▸ **Directions for this task**: Transcribe the lines below exactly, beginning with the line that holds "此时的世界纪录网站虽已建立了" and ending with the final line, both included. Pictures are to be left out.

▸ **Raw data**:
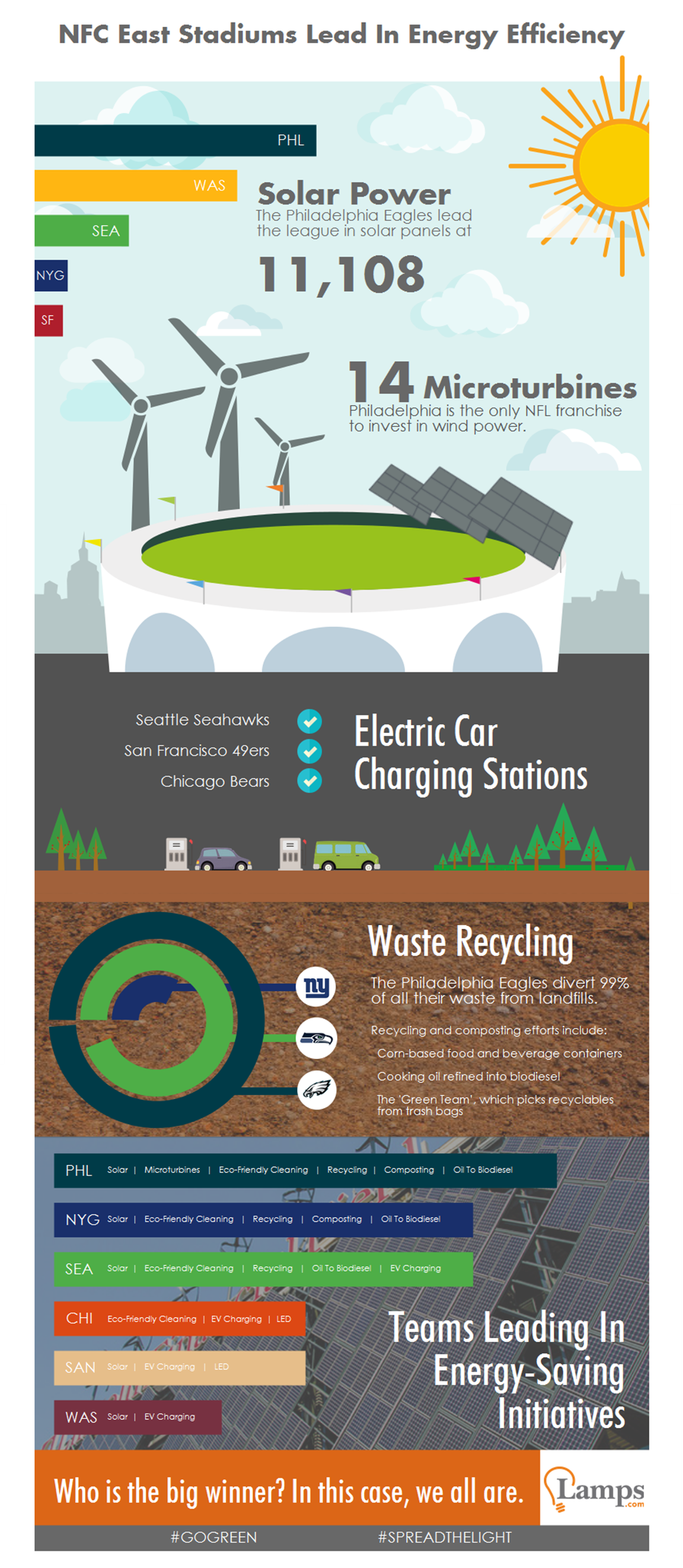 October is not only a time when the NFL football season swings into full gear, but also National Energy Awareness Month. There are actually significant parallels between the two, as more and more NFL teams have taken important strides in energy conservation within their stadiums. In honor of this important month, Lamps.com decided to combine these passions – Energy Conservation and the National Football League – into a helpful infographic. As you will see, the Philadelphia Eagles (ironically Lamps.com’s hometown team) seem to have the most green stadium and appear to be the most energy-conscious NFL franchise.
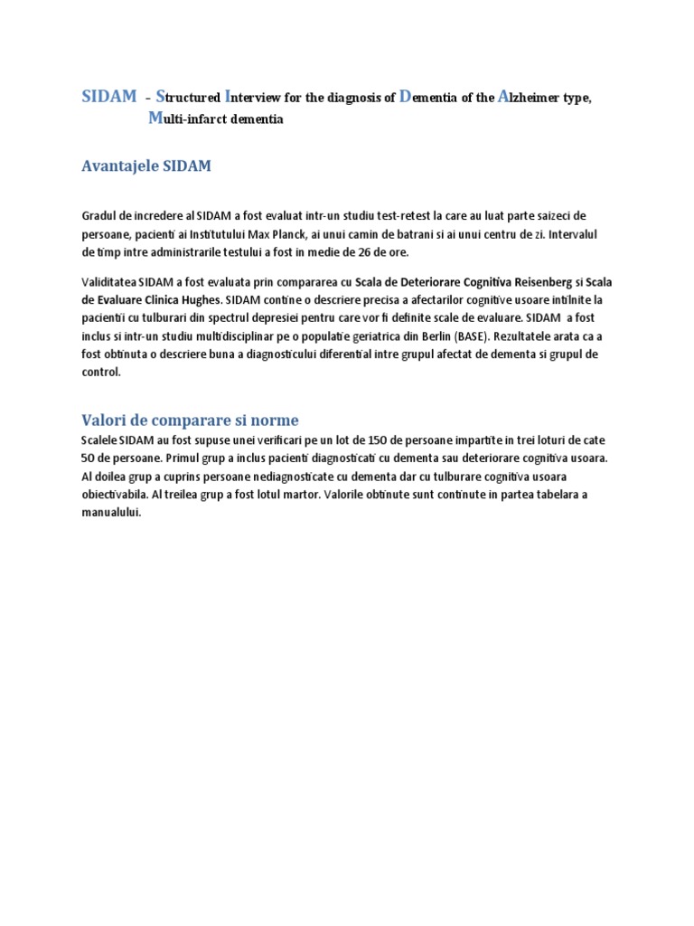 Validitatea SIDAM a fost evaluata prin compararea cu Scala de Deteriorare Cognitiva Reisenberg si Scala
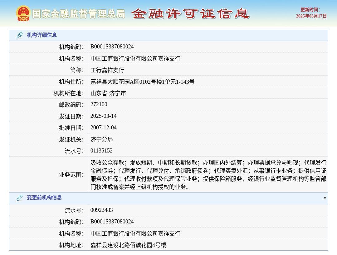 3月18日,根据国家金融监管总局许可证信息查询平台,中国工商银行股份有限公司嘉祥支行换发金融许可证,发证日期2025年3月14日。
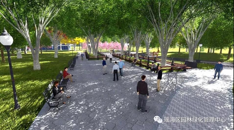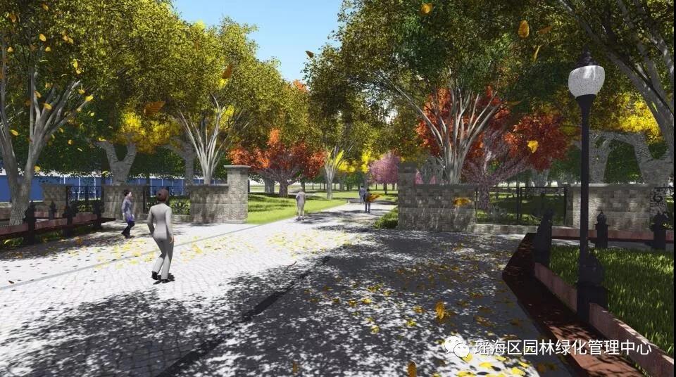由容易引发人群集聚的公园形象入口转变为进入城市自然境的环境入口,由露天集聚向林荫集散过渡。设计以植被季相为引导,将自然变化渗透到城市空间中。结合公园植被移栽建设充满活力的森林环境入口,强化整体的自然环境印象。入口区的银杏树阵、 旱喷广场、以及舒缓变化的坡地地形,在风貌上再现纽约中央公园的景观意向,强化市民入园的环境感知与联想。
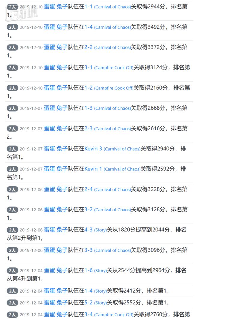 此时的世界纪录网站虽已建立了一段时间,但竞争不算激烈,蛋蛋和她的搭档兔子曾一度包圆了《分手厨房2》中全部81个关卡的世界纪录。
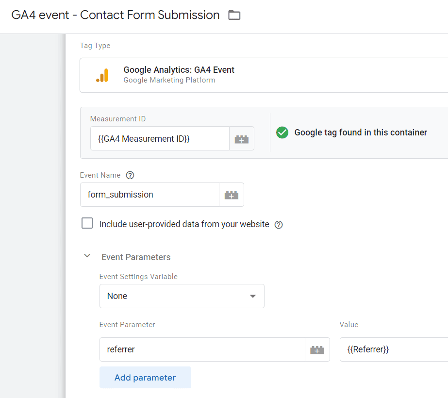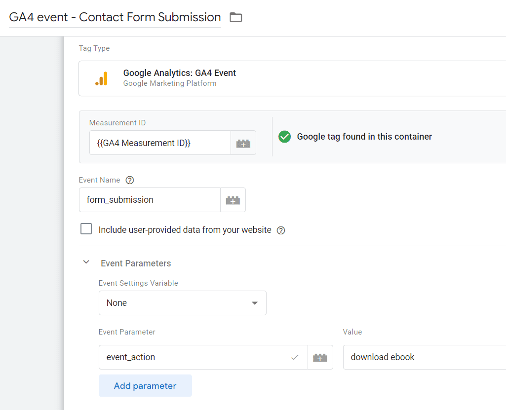 This tag will fire when a visitor lands on a “Thank you” page. In the form_name field, I inserted the previously created URL Variable. It will return the value of the form_name parameter that is visible in the URL of every Thank you page.

▸ **Solution to this exercise**:
 此时的世界纪录网站虽已建立了一段时间,但竞争不算激烈,蛋蛋和她的搭档兔子曾一度包圆了《分手厨房2》中全部81个关卡的世界纪录。
 This tag will fire when a visitor lands on a “Thank you” page. In the form_name field, I inserted the previously created URL Variable. It will return the value of the form_name parameter that is visible in the URL of every Thank you page.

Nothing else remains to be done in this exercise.